Statistical Packages
All analyses were computed with R (4.1.3) using the following packages: ggh4x (0.2.1), ggtext (0.1.1), haven (2.5.0), here (1.0.1), patchwork (1.1.1), psych (2.2.3), Rallfun-v40, tidymodels (1.0.0), tidyverse (1.3.1), vip (0.3.2) and included training, tuning, and testing as well as visually representing the results.
Results
Machine Learning
Although only R2 can be used to assess a model’s performance on different data sets (e.g., faking high scores vs. faking low scores; see, e.g., Chicco et al., 2021), we nevertheless present all the common performance indices in our results to demonstrate their convergence (e.g., Ayitey Junior et al., 2023; Iskandaryan et al., 2020; see Table 4).
Table 4.
Performance Evaluation of the Machine Learning Process.
| Algorithms |
Performance evaluation |
||||||
|---|---|---|---|---|---|---|---|
| Personality variable | Faking direction | N_train | N_test | R2 | RMSE | MAE | MSE |
| Elastic net regression | |||||||
| IM | Low | 70 | 18 | −.30 | 7.52 | 5.93 | 56.48 |
| IM | High | 68 | 18 | −.08 | 9.93 | 8.43 | 98.67 |
| SM | Low | 70 | 18 | .32 | 2.94 | 2.39 | 8.62 |
| SM | High | 68 | 18 | .11 | 3.40 | 2.85 | 11.54 |
| Random forest regression | |||||||
| IM | Low | 70 | 18 | −.09 | 6.87 | 5.19 | 47.18 |
| IM | High | 68 | 18 | .07 | 9.22 | 8.18 | 85.03 |
| SM | Low | 70 | 18 | .10 | 3.38 | 2.67 | 11.41 |
| SM | High | 68 | 18 | .04 | 3.53 | 2.99 | 12.46 |
Note.
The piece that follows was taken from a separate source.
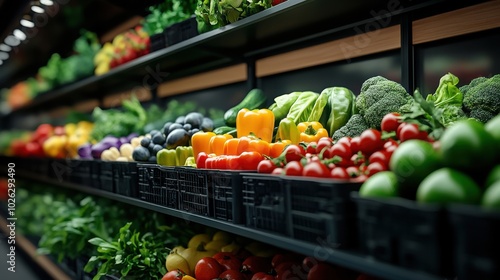 Vibrant Supermarket Produce Aisle with Fresh Fruits and Vegetables.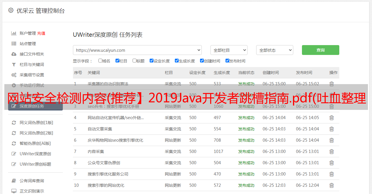 优采云 发布时间: 2021-10-26 08:12网站安全检测内容(推荐】2019Java开发者跳槽指南.pdf(吐血整理))

IM = impression management; SM = self-monitoring; N_train = number of participants in the training data set; N_test = number of participants in the testing data set; R2 = relative improvement in prediction over the mean model; RMSE = root mean square error; MAE = mean average error; MSE = mean square error.
Here, we explain the meaning of the performance indices by giving an example. Using SM and the faking of low scores in elastic net regression as an example, R2 was .32, RMSE was 2.94, MAE was 2.39, and MSE was 8.62. Thus, when elastic net regression was used and low scores were faked, 32% of the variation in SM could be predicted by the response pattern (68% could not be predicted by the response pattern). According to Cohen (1988), R2 = .26 represents a large amount of explained variance. RMSE, MAE, and MSE also indicated only a small difference between the prediction results and the true values and thus indicated a good model fit. For comparison, RMSE, MAE, and MSE could have increased in this particular model to RMSE = 18, MAE = 18, and MSE = 324. Thus, the RMSE did not exceed 16% of the RMSE that would have been possible, MAE did not exceed 13% of the maximum MAE, and MSE did not exceed 3% of the maximum MSE.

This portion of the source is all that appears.